=== Section Start ===

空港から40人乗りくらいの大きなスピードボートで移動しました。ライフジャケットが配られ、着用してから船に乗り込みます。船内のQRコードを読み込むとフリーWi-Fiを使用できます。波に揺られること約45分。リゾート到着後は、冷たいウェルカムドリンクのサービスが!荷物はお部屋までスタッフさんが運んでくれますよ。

=== Section End ===
=== Section Start ===

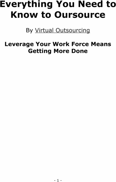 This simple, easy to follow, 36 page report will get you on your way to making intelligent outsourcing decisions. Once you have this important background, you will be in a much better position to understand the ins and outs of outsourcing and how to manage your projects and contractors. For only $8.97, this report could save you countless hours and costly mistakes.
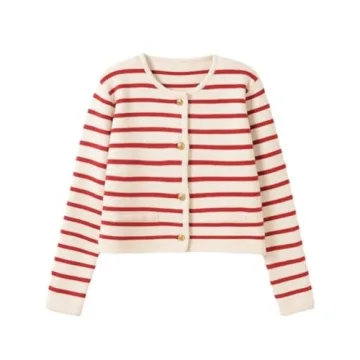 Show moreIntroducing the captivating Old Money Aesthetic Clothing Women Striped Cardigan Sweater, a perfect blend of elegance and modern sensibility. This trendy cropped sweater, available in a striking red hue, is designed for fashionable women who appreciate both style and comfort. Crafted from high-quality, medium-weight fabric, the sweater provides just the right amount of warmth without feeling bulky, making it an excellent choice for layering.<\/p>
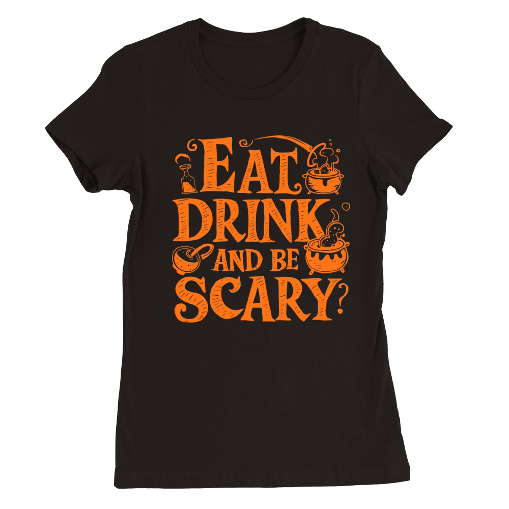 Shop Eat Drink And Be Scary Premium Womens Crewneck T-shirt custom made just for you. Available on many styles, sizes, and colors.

=== Section End ===
=== Section Start ===

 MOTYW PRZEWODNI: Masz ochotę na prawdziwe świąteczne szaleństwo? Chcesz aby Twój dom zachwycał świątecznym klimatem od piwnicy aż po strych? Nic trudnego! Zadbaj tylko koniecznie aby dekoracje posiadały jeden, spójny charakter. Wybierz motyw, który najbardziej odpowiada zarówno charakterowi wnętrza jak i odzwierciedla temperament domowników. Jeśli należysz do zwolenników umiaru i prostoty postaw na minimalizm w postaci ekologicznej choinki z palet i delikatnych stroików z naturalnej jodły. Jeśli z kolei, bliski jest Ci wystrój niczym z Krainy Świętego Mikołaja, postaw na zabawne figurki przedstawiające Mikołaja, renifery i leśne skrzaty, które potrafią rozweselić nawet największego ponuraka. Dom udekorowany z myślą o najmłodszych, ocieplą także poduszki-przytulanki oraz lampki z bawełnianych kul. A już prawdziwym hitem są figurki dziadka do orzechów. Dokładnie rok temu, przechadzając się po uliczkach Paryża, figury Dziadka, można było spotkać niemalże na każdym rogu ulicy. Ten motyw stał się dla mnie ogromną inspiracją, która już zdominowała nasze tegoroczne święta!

=== Section End ===

### PROBLEM STATEMENT:
Pictures in the material above should be skipped; print exactly the lines from the one with "Show moreIntroducing the" through the one with "Shop Eat Drink".

### YOUR SOLUTION:
 Show moreIntroducing the captivating Old Money Aesthetic Clothing Women Striped Cardigan Sweater, a perfect blend of elegance and modern sensibility. This trendy cropped sweater, available in a striking red hue, is designed for fashionable women who appreciate both style and comfort. Crafted from high-quality, medium-weight fabric, the sweater provides just the right amount of warmth without feeling bulky, making it an excellent choice for layering.<\/p>
 Shop Eat Drink And Be Scary Premium Womens Crewneck T-shirt custom made just for you. Available on many styles, sizes, and colors.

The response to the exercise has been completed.